Fifteen minutes? This is taking forever. I wish they’d let us read in here. I wonder what she’s doing. Does she have another client? Does she just go off and drink some tea somewhere? I bet she gets to go read. This is boring. What can I do? Maybe I should do some Kugel exercises. No, this is supposed to be relaxing. I should try to meditate. Breathe deeply. I wonder if my breaths are deep enough. I really ought to learn to meditate properly. I wonder what happened to that meditation CD I got Bob for Valentine’s Day. It would be nice if I could learn to take far fewer breaths per hour. Is that woman ever coming back?

[Hours later, Marie comes back to finish up the massage.]

Why can’t the massage part be as long as the waiting for the mask part? I wish she’d lingered a little more over the shoulders. God, my hair is going to be a mess after this. My bangs are going to stick up everywhere, and I’m sure she’s gotten lotion in it. I hope no one notices at the restaurant while we’re eating brunch. I wish I could go home and shower before then.
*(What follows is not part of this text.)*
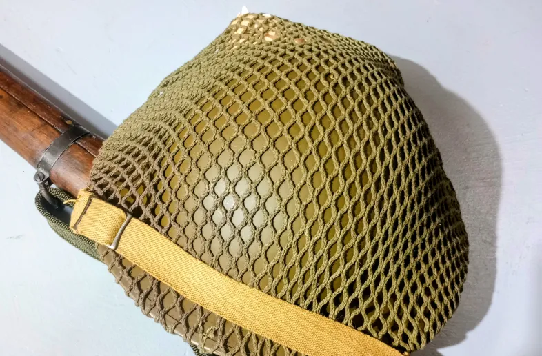 Comes with WW2 dated shell bandage and net is also WW2 Canadian, not the typical British style, this has a 2 tone camo on it.

[Once Marie proclaims she’s done and Type A gets up to dress and looks at her watch, she’s amazed to find this was exactly one hour. She goes out to sip some yummy African nectar tea with her friend and talk about how relaxed they are. She's not lying. She's relaxed, because she and her friend have both agreed they won't buy any "product," and for once in her life, she won't be playing the sucker.]

5 comments:

Rebecca H. said...

Oh -- I would be totally like Type A, all anxious that I was doing something wrong. This is TOO funny!

Anonymous said...

Emily this is incredibly funny and cheered me up -- without making me want to buy any beauty products. I've never heard someone so perfectly describe the experience of having a facial. And I'm with you, the shoulder massage is the best part of it.

litlove said...

I'm confused, I thought I'd clicked onto Emily's blog, but then I seemed to find myself inside my own head...?

Anonymous said...

this...is...hilarious! So exactly what I was like at my last facial! You captured it perfectly!

Emily Barton said...

I find myself, yet again, glad I'm not alone. Also glad I was able to make you all chuckle. I do have to be honest and admit I picked up some delicious-smelling exfoliating scrub at Trader Joe's the other evening -- figured even I could probably learn to use it twice a week while showering.